DeepLearnPhysics / larcv3

Third version of larcv. This is a complete replacement for larcv2.
MIT License
11 stars 6 forks source link

Mpi io #29

Closed coreyjadams closed 5 years ago

coreyjadams commented 5 years ago

Initial pull request to validate QueueProcessor. QueueProcessor is an alternative to ThreadProcessor that is entirely deterministic: users can control which events are read, and when, and can determine when to promote data from next to current. It's performance as compared to ThreadProcessor with 1 thread, 1 batch storage is on par. Thread Processor out performs when the number of batch storage is greater than 1, running about 10% faster on a single node.

However, QueueProcessor is designed to be much more compatible with scaling out to MPI read only IO, allowing fine grained control over synchronizing IO calls.
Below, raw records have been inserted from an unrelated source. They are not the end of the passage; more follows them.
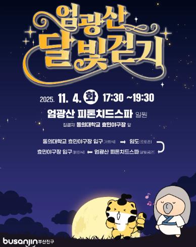 [뉴스노크=김인호 기자] 부산 부산진구는 오는 11월 4일 오후 5시 30분에 동의대학교 효민야구장 앞에서 자연환경과 음악·퍼포먼스가 어우러진 엄광산 달빛걷기 행사를 개최한다고 밝혔다.
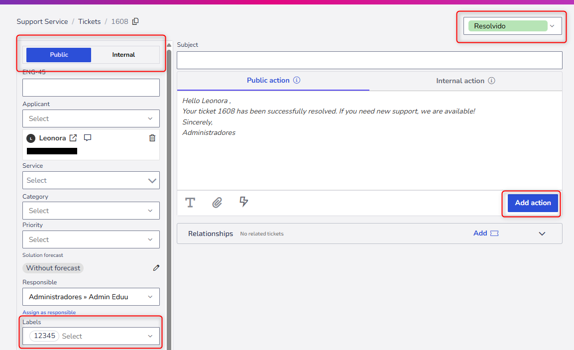 Change priorityDefines the ticket priority (low, medium, high, urgent), assisting in the management of the service queue.
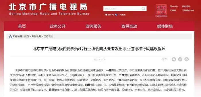 11月12日,北京市文化和旅游局和北京市广电局也分别发声,强调演出举办单位要严格演员背景审核及选用,禁止使用违背社会主义核心价值观、公序良俗及言行违法失德失范人员。同时,要求从业者提升道德素养,不给劣迹艺人曝光机会。
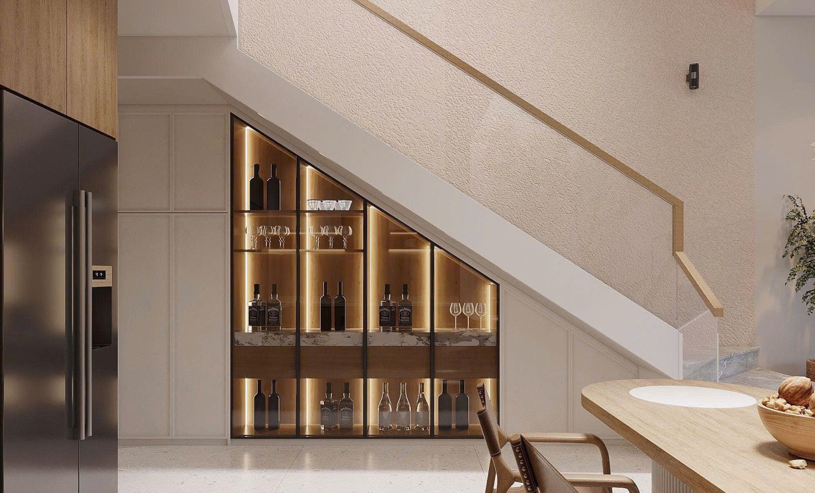 6. Tủ rượu gầm cầu thang – Điểm nhấn sang trọng
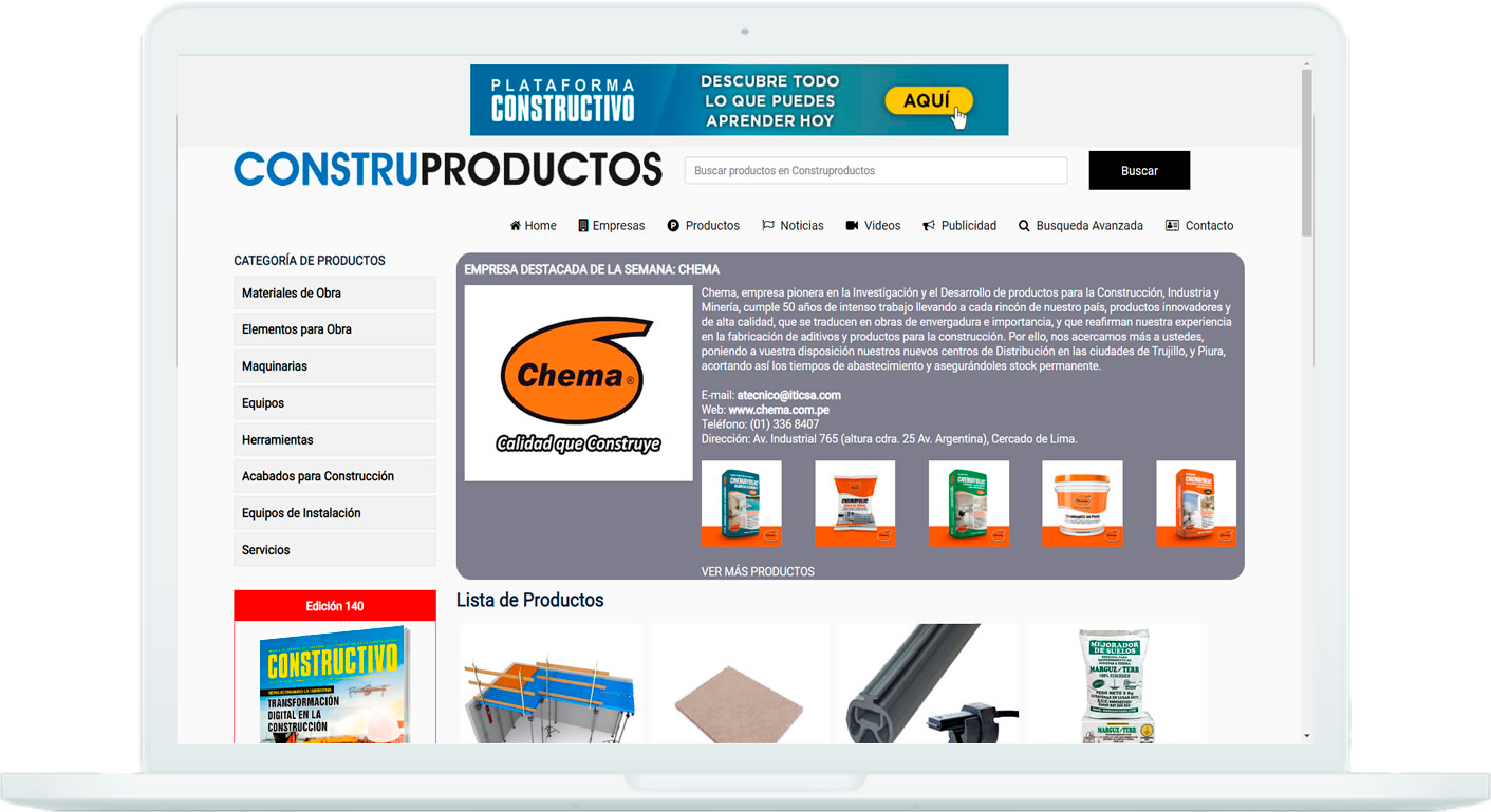 Si quiere que su empresa estén en CONSTRUPRODUCTOS y llegar a compradores de las principales obras a nivel nacional, forme parte de nuestra Plataforma.
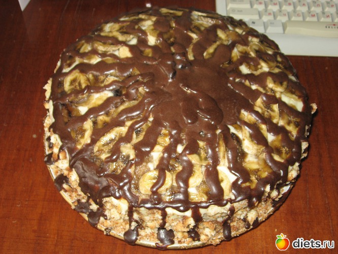 После того как выпечены коржи каждый корж пропитать пропиткой с обоих сторон, помазать кремом и выложить кружочками бананы, и так далее.
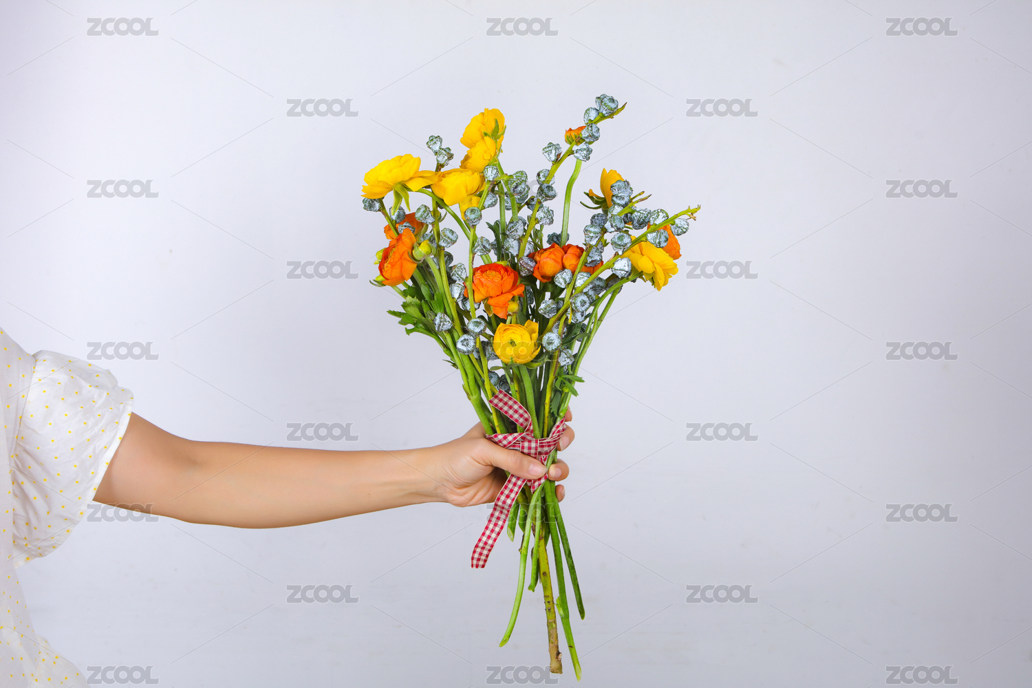 少女手里拿着美丽温馨的鲜花洋牡丹
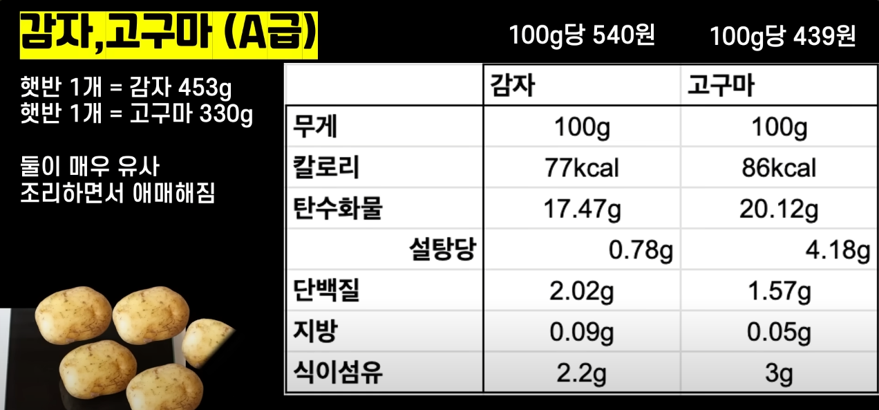 감자, 고구마, A급 감자, 고구마는 매우 유사합니다. 혈당지수 비교는 이전에 영상으로도 만들어 놨지만 조리 방법에 따라 달라지기 때문에 큰 의미가 없고 고구마의 당류가 조금 더 높은 편이라는 것만 알고 계시면 좋을 것 같습니다. 햇반 한 개 수준의 탄수화물을 섭취하려거든 요만한 감자를 4개만 드신다고 생각해 주시면 됩니다. 용량 계량하기도 편하고 식이섬유량도 높으면서 조리한 다음 밖에 들고 다니기도 편해서 매우 좋은 탄수화물이라고 생각합니다.
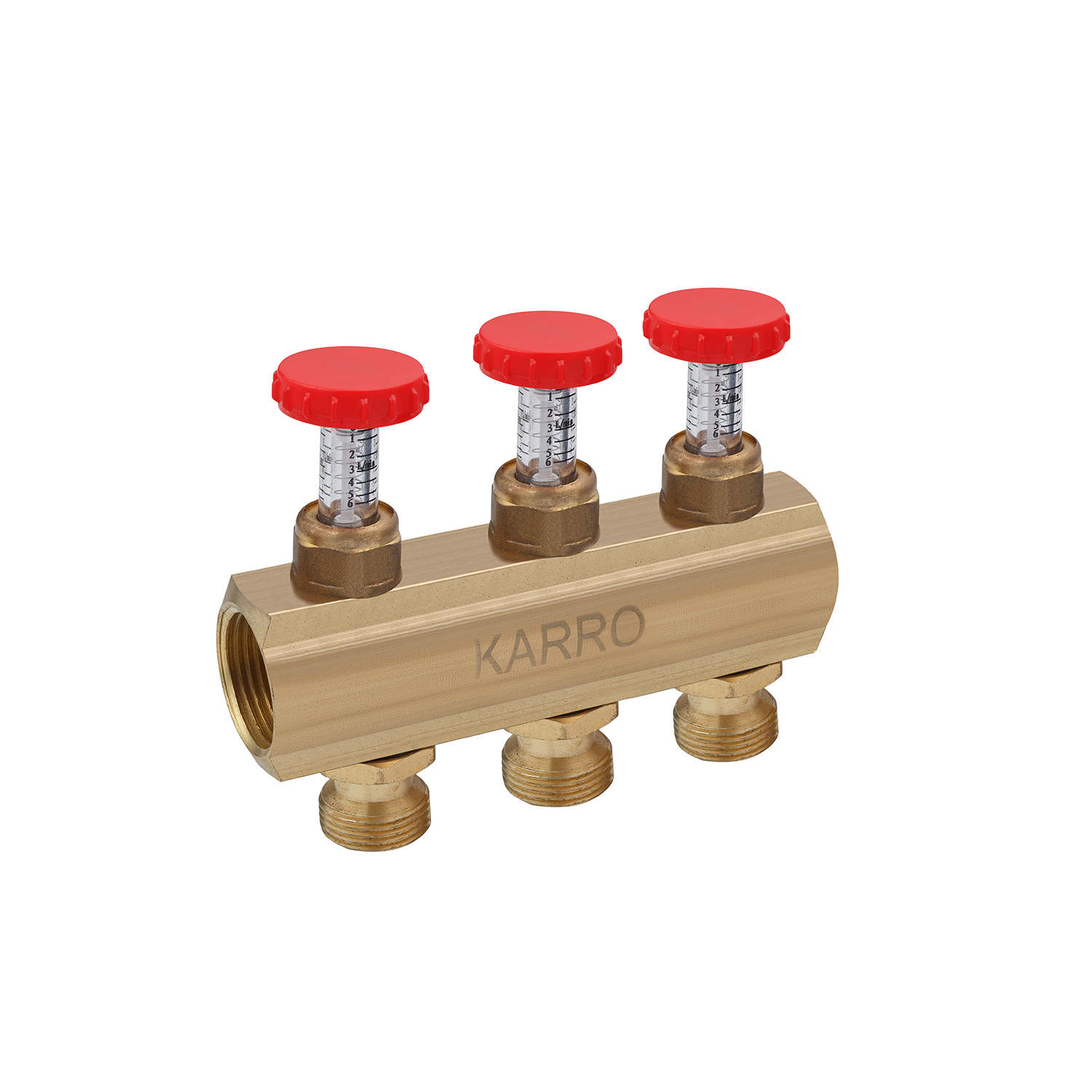 Опис Колектор регулюючий Karro на 3 виходи 1х3/4 з витратоміром, латунний KR-1011U код товару CV022078

Some MPI work is already done but more is coming. Initiating this pull request now allows tracking the test suite, though tests for QueueProcessor don't exist yet. They'll come before merging.

There are some other optimizations here in batch_pydata and larcv3::BatchData. I moved the conversion from std::vector to numpy array to be callable from BatchData which allows much less python overhead (giving a 5x speedup on mac!).

coreyjadams commented 5 years ago

There are never any reviewers available ... Sigh. Anyways, I have set the default at the time of this comment to have mpi OFF, openmp OFF, but the speedup gained by allowing batch_data to directly convert to numpy is big enough to merge this branch to develop at an intermediate state. So I'll merge.